Seul le Parlement européen avait adopté une résolution non contraignante condamnant le Maroc notamment pour la présence de mineurs non accompagnés parmi les personnes entrées dans l’enclave espagnole.

Dans la crise actuelle avec l’Algérie, Bruxelles s’est empressée de prendre le parti de Madrid, au nom des dispositions de l’accord d’association.

L’UE a rejeté les mesures d’ordre commercial prises par Alger, mais comme l’a souligné le ministère des Affaires étrangères dans sa réponse, elle était restée à l’écart lorsque « un Etat-clé de l’Union » « a été amené à rappeler ses ambassadeurs auprès de deux Etats développés non-européens avec lesquels il était en conflit d’intérêts. » L’allusion est au rappel des ambassadeurs de France en Australie et aux États-Unis suite à l’affaire des sous-marins.
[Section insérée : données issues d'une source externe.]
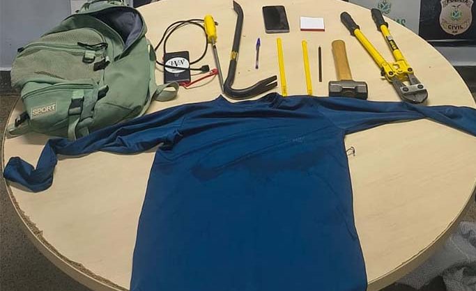 Durante a abordagem, foram apreendidos um aparelho celular; além de ferramentas que teriam sido usadas no arrombamento do estabelecimento comercial como: duas serras, um alicate, uma marreta, um pé de cabra. Bem como dois cabos USB e uma mochila preta. O suspeito e o material apreendido foram encaminhados ao 1º Distrito Integrado de Polícia (DIP).

La diplomatie algérienne a qualifié cette « intrusion » de « douteuse » et « paradoxale ». 

L’attitude du gouvernement espagnol l’est tout aussi quand on se rappelle qu’il n’avait pas brandi sa souveraineté lorsque le Maroc lui reprochait d’avoir reçu sur son territoire le chef du Polisario ou encore ses positions sur la question sahraouie.

Dans cette crise avec l’Algérie, l’argumentaire tourne autour de cette même souveraineté. « Le gouvernement insiste sur le fait que, face à l’agression unilatérale d’une puissance étrangère, il est temps de resserrer les rangs et de ne pas se demander si oui ou non le changement de position de l’Espagne sur le Sahara était la bonne décision », rapporte par exemple le quotidien El Pais.

« C’est un débat légitime entre Espagnols, mais il est inacceptable qu’un pays tiers essaie de conditionner la souveraineté de l’Espagne sous la pression pour décider de sa propre politique étrangère », ont indiqué des sources gouvernementales au même journal.

Le journaliste Ignacio Cembrero, spécialiste des relations entre l’Espagne et les pays du Maghreb, rappelle que le gouvernement espagnol n’a pas toujours montré le même attachement à sa souveraineté.

« Pour Madrid il est « inacceptable » que l’Algérie « prétende conditionner la souveraineté de l’Espagne sous la pression », rapporte El Pais. C’est exactement ce que fit le Maroc pendant 15 mois, mais le gouvernement espagnol ne s’est pas plaint et a cédé. El Pais devrait le rappeler », a tweeté le journaliste d’El Confidencial.